Biotie Considers Developing Alzheimer’s Drug on Its Own

Biotie Therapies Oyj (BTH1V), the developer of an anti-alcoholism medicine with H. Lundbeck (LUN) A/S, may forgo a partnership for an experimental Alzheimer’s drug following positive data on a U.S. treatment that uses a similar mechanism.

Biotie, which has been in talks with several drugmakers to cooperate on its SYN120 product, is reconsidering the strategy after Acadia Pharmaceuticals Inc. (ACAD) reported success in late-stage studies of the pimavanserin treatment for Parkinson’s disease- related psychosis, Chief Executive Officer Timo Veromaa said in an interview in London. Keeping the drug could eventually yield more revenue for Biotie, he said.

SYN120 is designed to improve cognition in Alzheimer’s patients by blocking 5-HT6 receptors in the brain, which results in increased concentrations of acetylcholine and glutamate, chemicals that aid learning and memory processes, according to Turku, Finland-based Biotie. SYN120 also has the ability to block the 5-HT2A receptor, which Acadia’s pimavanserin targets, Veromaa said.

“This has led to an internal debate as to whether this is a compound that we should rather hold onto and develop on our own,” Veromaa said. “In today’s market, just licensing out is not the value proposition that the big-ticket investors are looking for.”

Acadia’s Jump

Acadia’s stock price has more than doubled since Nov. 26, the day before the San Diego-based drugmaker released results from the pimavanserin trial. The company said on Dec. 12 that it raised an additional $86 million in a share sale to fund completion of late-stage clinical tests without a partner.

Biotie’s SYN120 may have commercial potential for use by a subset of patients with Parkinson’s disease or schizophrenia, in addition to relieving Alzheimer’s, Veromaa said in the Jan. 18 interview. Biotie will decide how to proceed by the end of the first half, he said.
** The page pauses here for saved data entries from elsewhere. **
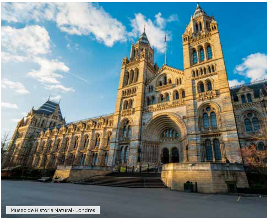
Museo de Historia Natural · Londres

Desayuno. Día libre para visitar alguno de sus muchos museos, conocer alguno de los parques de la ciudad, recorrer las calles de la moda o pasear por los diferentes barrios de la capital del Sena, desde el tradicional barrio de Le Marais, donde se encuentra la bellísima plaza de los Vosgos hasta el revolucionario barrio de las finanzas de La Defense, donde han dejado su sello los más importantes arquitectos del siglo XX y XXI en sus imponentes construcciones, donde destaca el Gran Arco de la Defense, diseñado por el arquitecto Otto Von Spreckelsen, y que se inauguró en 1989 para conmemorar el bicentenario de la Revolución Francesa. Alojamiento.
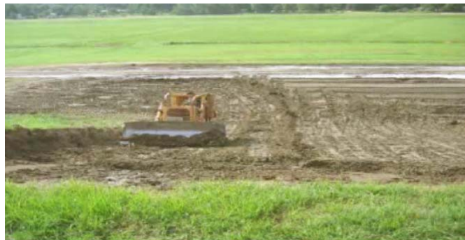
Figura 24: Devolución de suelos tratados del área de mezcla al terraplén.
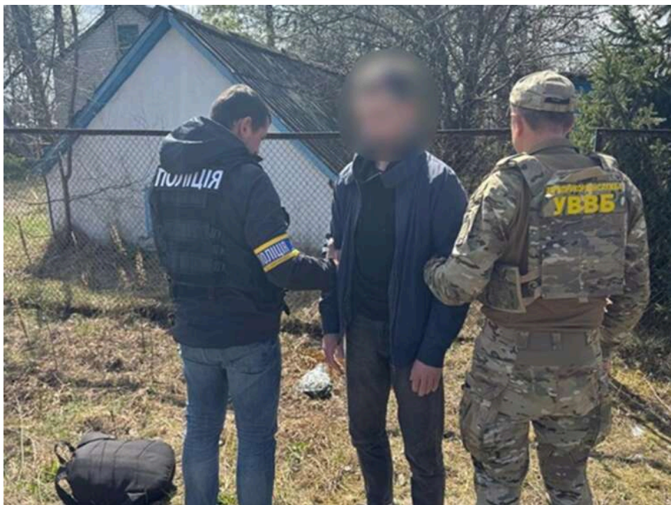
На Волині затримали жителя Рівненщини, який намагався підкупити прикордонника для втечі за кордон

Військовозобов'язаний з Рівненщини пропонував хабар для виїзду за кордон: його затримали на гарячому.
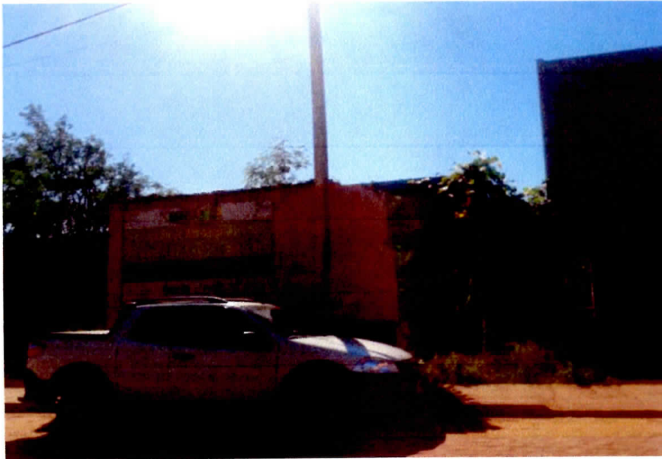
Figura 3 - Fachada com Placa da Obra
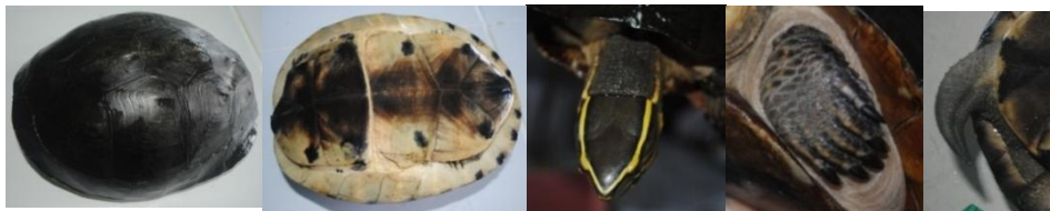
Gambar 1. Morfologi Cuora amboinensis : karapas (a), plastron (b), kepala (c) tungkai (d) dan ekor (e)

Kepala Cuora amboinensis berwarna hitam dengan garis kuning melingkar mengikuti tepi kepala bagian atas dan bagian pipi. Bibir berwarna kuning, dan mata mempunyai iris berwarna kuning (Gambar 1c). Tungkai Cuora amboinensis memiliki pola khas berupa garis berwarna kuning pada jari-jarinya (Gambar 1d). Berdasarkan bentuk ekor yang panjang dan langsing, tiga individu Cuora amboinensis yang ditemukan pada penelitian semuanya jantan (Gambar 1e).
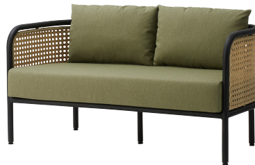
L 張地: サンプルラ・18011-0000(GB) ¥288,300

屋外対応クッション用張地: サンプルラ/アクリル100% ＊長時間雨ざらしにするとクッション内に入った水分が乾きにくくなります。 ＊布の特性上、縫製部分にシワが目立つ場合があります。予めご了承下さい。
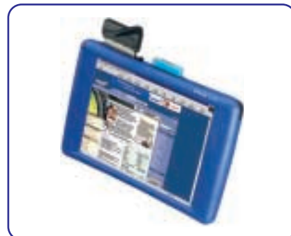
skeye.pad SL mit GPRS
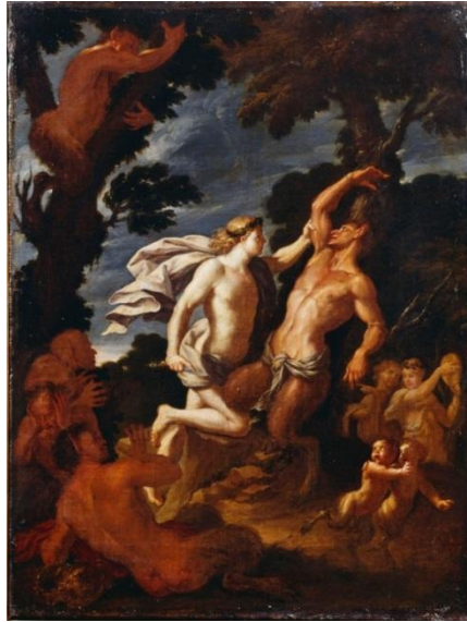
Şekil 17. Filippo Lauri (17. yy) – Apollon ve Marsyas.
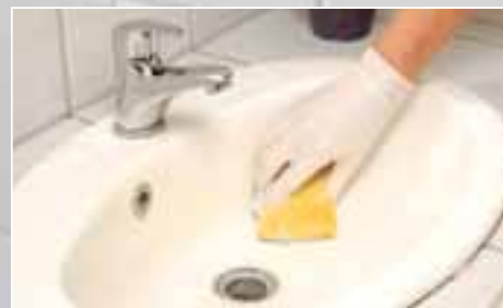
Alt sanitet vaskes med LIP Sanitetsrens, der modvirker og fjerner lettere kalkansamlinger.
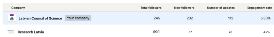
7.2. att. Pārskats pār LinkedIn auditoriju 2020. 23. novembrī salīdzinājumā ar Research Latvia.
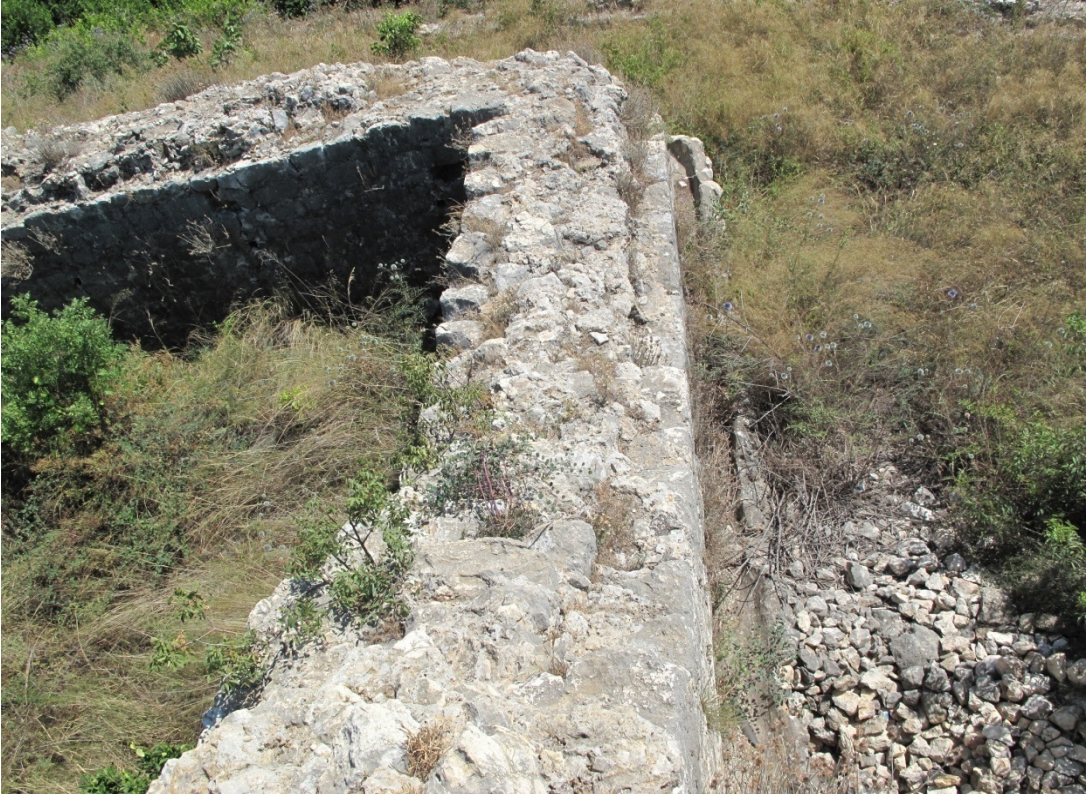
Resim 5: Batı Surları ve Dış Tarafındaki Su Kanalı.
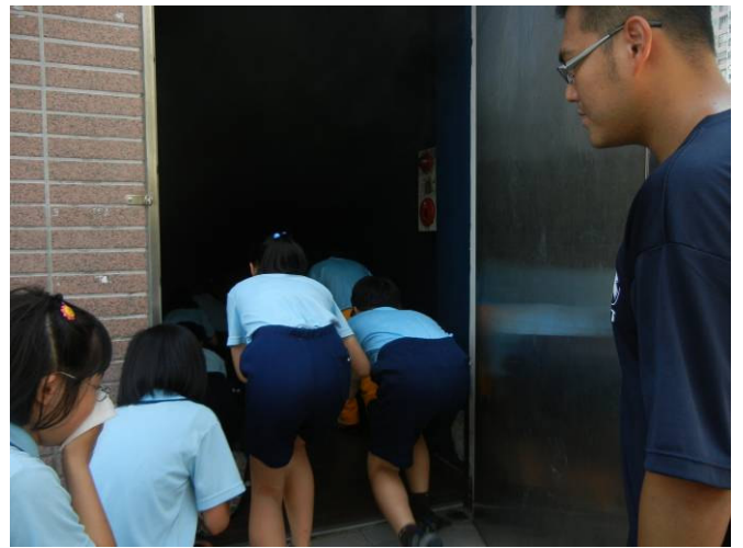
學生進入煙霧室體驗火場逃生要領
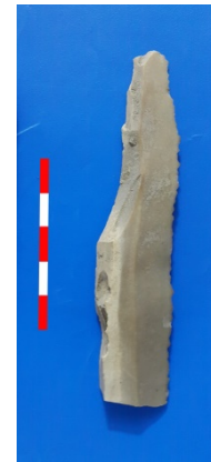
Resim 49: Tugaylı Köyü Köyaltı Mevkii sileks bıçak 2016 Env. No.21
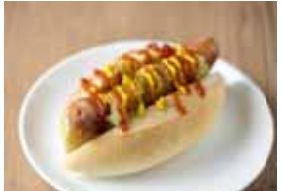
ディーン&デルーカ
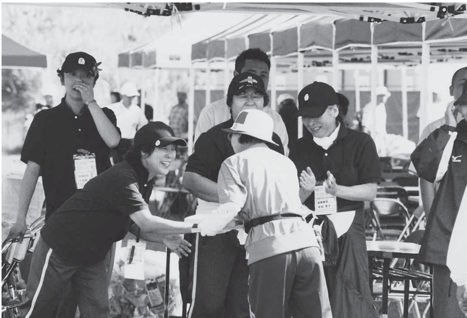
第20回全国スポーツ・レクリエーション祭(あじやら公園)
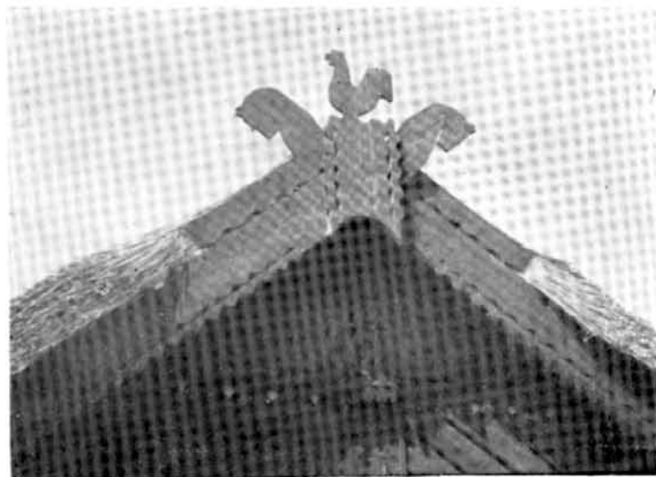
Fig. 1. Detalii de traforaj. Enisala
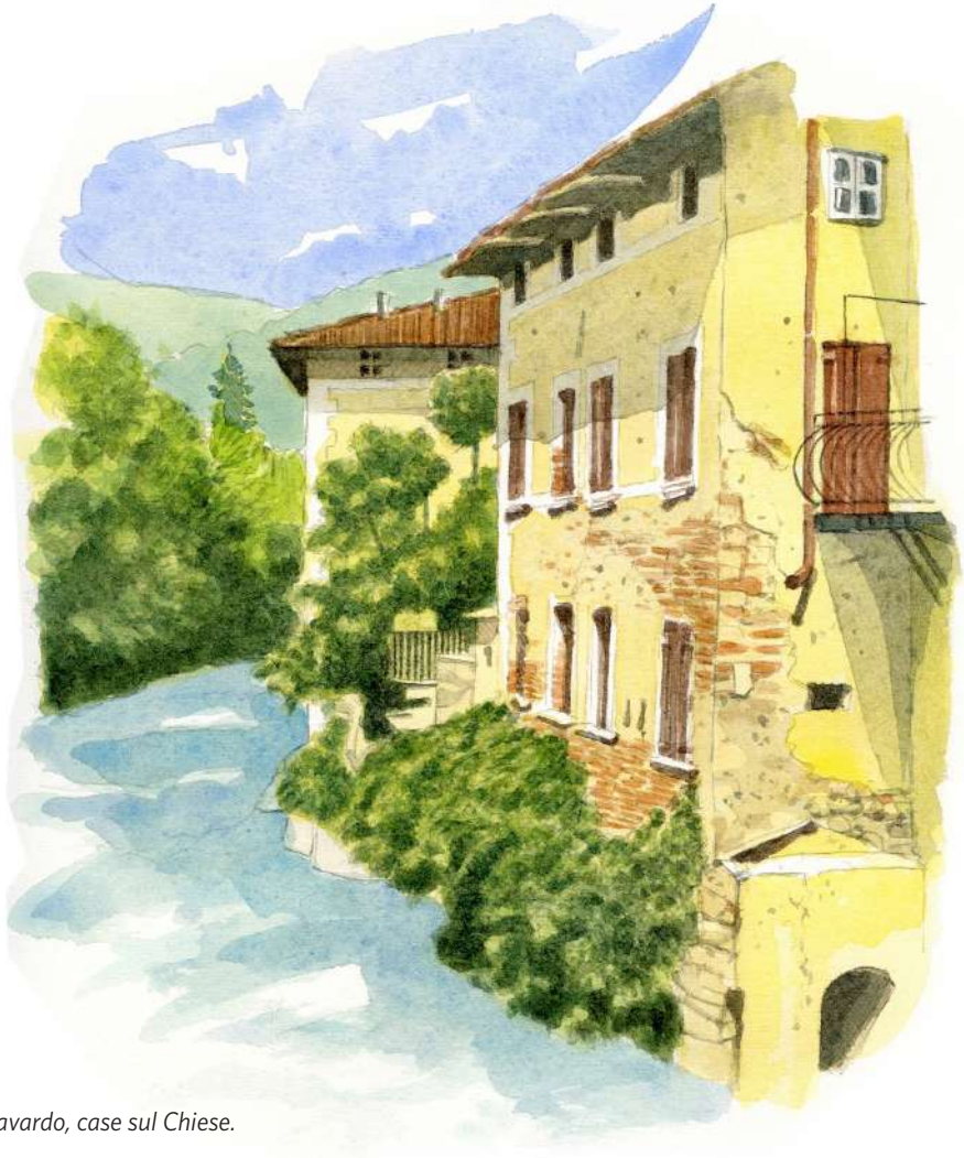
♦ Gavardo, case sul Chiese.

«Siamo ormai vicini al termine dello sfocio della valle del Chiese - recita una guida automobilistica degli anni '20 del secolo scorso - alla destra si distende ancora una breve piana, sempre più ristretta tra le opposte colline, ma sempre con le solite colture, a granturco e a gelsi prevalenti, con filari di viti più fitti presso ai villaggi. E al

“The company is now at a stage, with a substantial cash balance and a number of very late-stage successfully partnered programs, where taking more of the development in house should bring more rewards,” said Otello Stampacchia, managing partner of Omega Funds and a Biotie investor.

Advancing the development of SYN120 alone would also make Biotie more attractive as a takeover target for companies focused on neurological disorders, such as Lundbeck and UCB SA (UCB), he said.

Biotie shares rose 2.3 percent to 44 euro cents as of 2:02 p.m. in Helsinki, paring their decline in the past 12 months to 14 percent.

UCB Partnership

The company is also awaiting an announcement from partner UCB this quarter on next steps for their experimental medicine SYN115 for Parkinson’s disease, which the company said last month showed “highly significant” effects on symptoms in a mid-stage study.

The size of the study and data quality makes the mid-stage trial likely to be considered as part of late-stage testing on efficacy needed for regulatory approval, Veromaa said.

Separately, Biotie may terminate a development program for ronomilast to treat respiratory disease, a medicine the company acquired through its purchase of Elbion GmbH in 2008, he said. The drug had been positioned as a better version of Takeda Pharmaceutical Co.’s Daxas, with the same PDE4 inhibitor mechanism of action and fewer side effects, particularly nausea.

In discussions with potential partners, “there has not been much appetite for an improved Daxas,” Veromaa said. “PDE4s come with a lot of baggage.”

Potential Target

Biotie, which is always considering acquisition opportunities, isn’t currently in any active discussions on buying other companies, and could at some point become a takeover target itself, Veromaa said.

Commercial success for Selincro, the anti-alcoholism drug approved by European Union regulators last month, may prompt Copenhagen-based Lundbeck to decide that acquiring the Finnish company would be preferable to making royalty payments, he said. Similarly, if SYN115 comes close to receiving regulatory approval, UCB may opt to buy out Biotie, he said.

“One might consider that we have two potential existing suitors,” Veromaa said. “But there’s a few years to go.”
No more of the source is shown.